Grants:Project/DPLA/Extending the DPLA digital asset pipeline to improve quality and discoverability/Midpoint

This project is funded by a Project Grant

Report accepted

This midpoint report for a Project Grant approved in FY 2020-21 has been reviewed and accepted by the Wikimedia Foundation.

To read the approved grant submission describing the plan for this project, please visit Grants:Project/DPLA/Extending the DPLA digital asset pipeline to improve quality and discoverability.
You may still review or add to the discussion about this report on its talk page.
You are welcome to email projectgrantswikimedia.org at any time if you have questions or concerns about this report.

Welcome to this project's midpoint report! This report shares progress and learning from the first half of the grant period.

Summary[edit]

We conducted extensive Structured Data Statements modeling and circulated our plans within the community for feedback.
We wrote Structured Data Statements for all existing files uploaded by DPLA currently in Wikimedia Commons.
We implemented Readiness stats Integration into our partner analytics dashboard to guide their planning for uploads.
We've built a prototype for image citations based on structured data statements and shared it with the community.

Methods and activities[edit]

Our project activities have mainly been accomplished by DPLA Data Fellow Dominic Byrd-McDevitt and DPLA Senior Software Engineer Scott Williams.
The majority of the work in the first half of the granting period has been related to planning and implementation work for Structured Data Statements and image citations.
The second half of the grant period will be devoted to putting data synchronization into production.

Midpoint outcomes[edit]

We circulated our modeling plans with the community: https://commons.wikimedia.org/wiki/Commons:Digital_Public_Library_of_America/Modeling
We’ve created over 27 million structured data statements across 2,334,599 items, including statements about copyright status, copyright license, RightsStatements.org statement, creators, subjects, identifiers, contributing institutions, description, title, and collection.

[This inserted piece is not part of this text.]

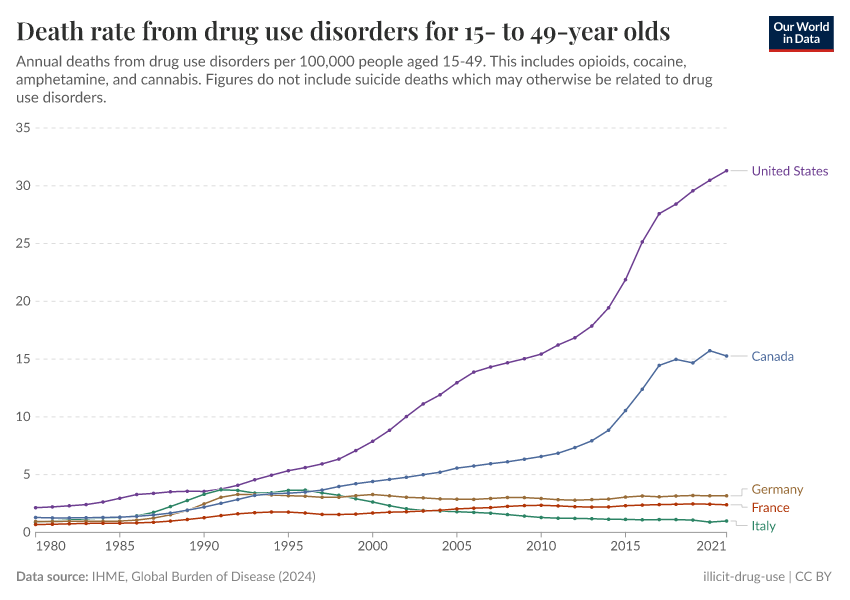 IHME, Global Burden of Disease (2024) – with minor processing by Our World in Data. “Death rate from drug use disorders for 15- to 49-year olds” [dataset]. IHME, Global Burden of Disease, “Global Burden of Disease - Deaths and DALYs” [original data]. Retrieved September 5, 2025 from https://data-auxiliary-trade.owid.pages.dev/grapher/death-rate-from-drug-use-disorders-for-15--to-49-year-olds

Each of these statements has been designed with predicates and references that identify that it came from the originating institution and links to the DPLA item page, which identifies which properties were added by DPLA Bot and helps us peacefully interoperate with properties contributed by other means.
We helped design the “original catalog description” and “Commons media contributed by” properties on Wikidata.
We redesigned the file info box for DPLA items in Wikimedia Commons to draw from Structured Data Statements rather than duplicative wikitext.
We shared a prototype of an image citation that drew from structured data statements with the community.
We worked with community members to design a new metadata template using structured data rather than wikitext.
We identified macro functionality that will need to be created for structured data statements that is similar to functions that are available for WikiData that will be required for the image citations and shared that information with the WMF.

Finances[edit]

DPLA has spent funds as indicated in the proposal with the exception of the modification we notified Chris Schilling of on September 14, 2021 and subsequently received formal approval

Learning[edit]

The best thing about trying something new is that you learn from it. We want to follow in your footsteps and learn along with you, and we want to know that you are taking enough risks to learn something really interesting! Please use the below sections to describe what is working and what you plan to change for the second half of your project.

What are the challenges[edit]

A major challenge for DPLA is attempting to impose some level of permanence to data that is outside of our domain. DPLA does not edit or express editorial control over the records we handle, but instead harvest them from 3rd parties. As a result, we don’t have a specific view on when data are modified or moved. This creates challenges throughout our pipeline to be handled when possible.
Another challenge is managing the reaction that contributions that the DPLA community makes to Wikipedia in terms of embedding uploaded images in articles. We’ve received pushback from one community member in particular that does not seem helpful given that our community members are new to editing articles, and in many cases, are putting images in articles where there wasn’t one before.

What is working well[edit]

DPLA has proceeded with a discussion-based approach for modeling which has allowed iterative addition of SDC. This approach could have been frowned upon by the community, because we did not propose a settled data model before requesting bot approval. However, while we have not received extensive commentary on our data model so far, we have not received complaints, and we have provided a clear forum for editors to discuss any issues with the modeling which is linked in the summary of every edit we make.
DPLA’s iterative approach to adding and modifying SDC statements over time is a novel approach different from how most Wikimedia Commons uploads are not changed by their GLAM institution after upload. This has been a useful approach that could be replicated by others, and SDC makes it easier in many ways to maintain one’s data in Commons.

Next steps and opportunities[edit]

The main focus for the remainder of the work is creating the synchronization pipeline so updated metadata records create updated metadata on Commons.
We have had early success with creating a synchronization process that reads the current state of the object in Commons, queries the DPLA API for the new state, and deletes and recreates the properties that need modification.

Grantee reflection[edit]

We’d love to hear any thoughts you have on how the experience of being an grantee has been so far. What is one thing that surprised you, or that you particularly enjoyed from the past 3 months?